> Data provided:
··········

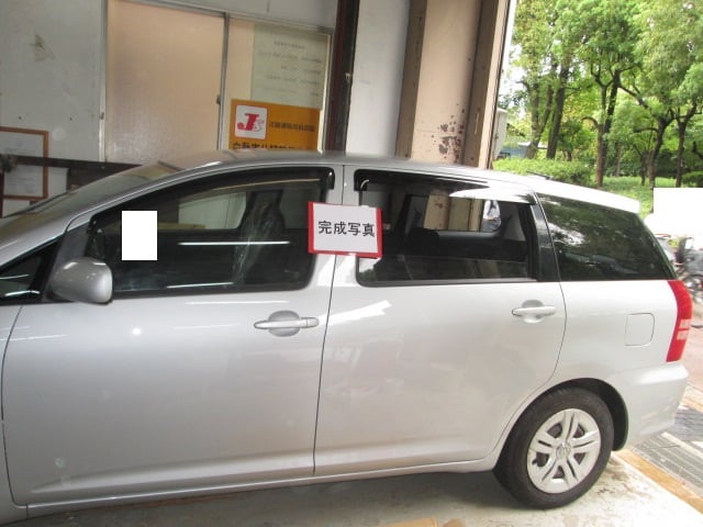 トヨタ ウィッシュ (カラー№1E7) クォーターアウタパネル鈑金修理・リアドアパネル交換・フロントドアパネルぼかし作業  尼崎市のお客様
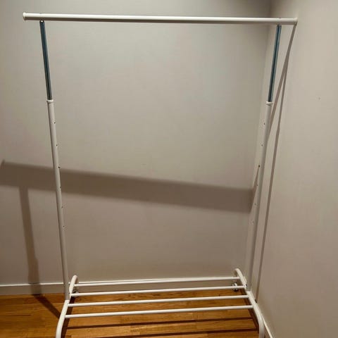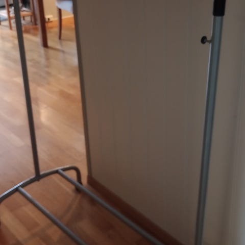 Garderobestativ, metall. Bredde 115cm, Høyde justerbart. Ingen skade, fremstår som ubrukt.
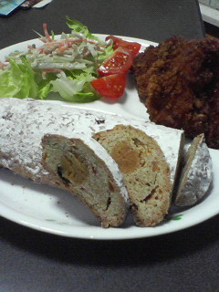 シュトーレンは、ウィーンの伝統的なお菓子です。ミナちゃんはウィーンの先生に習ったそうで、真ん中にナッツペーストの入ったもので、ドライフルーツやナッツペーストが絶妙に味に深みをましているような気がします。
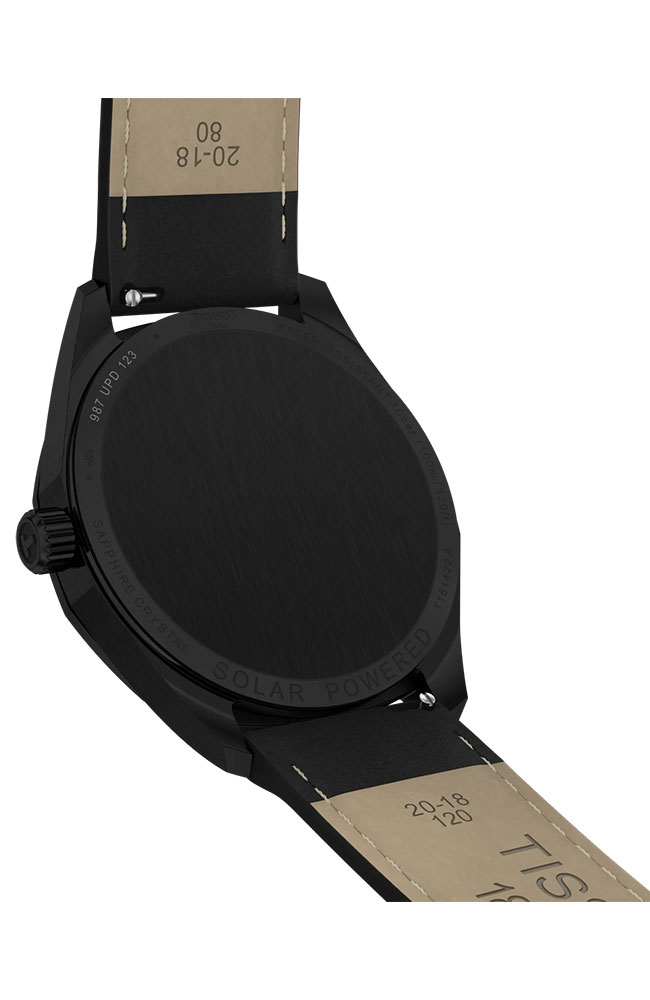 Ανδρικό Ρολόι Tissot Ελβετικής κατασκευής από ανοξείδωτο ατσάλι με μαύρο καντράν δερμάτινο λουράκι με ηλιακη ενεργεια.

··········

> Task item:
A faithful copy of the data is required: each word kept, each picture omitted.

> Exercise answer:
 トヨタ ウィッシュ (カラー№1E7) クォーターアウタパネル鈑金修理・リアドアパネル交換・フロントドアパネルぼかし作業  尼崎市のお客様
 Garderobestativ, metall. Bredde 115cm, Høyde justerbart. Ingen skade, fremstår som ubrukt.
 シュトーレンは、ウィーンの伝統的なお菓子です。ミナちゃんはウィーンの先生に習ったそうで、真ん中にナッツペーストの入ったもので、ドライフルーツやナッツペーストが絶妙に味に深みをましているような気がします。
 Ανδρικό Ρολόι Tissot Ελβετικής κατασκευής από ανοξείδωτο ατσάλι με μαύρο καντράν δερμάτινο λουράκι με ηλιακη ενεργεια.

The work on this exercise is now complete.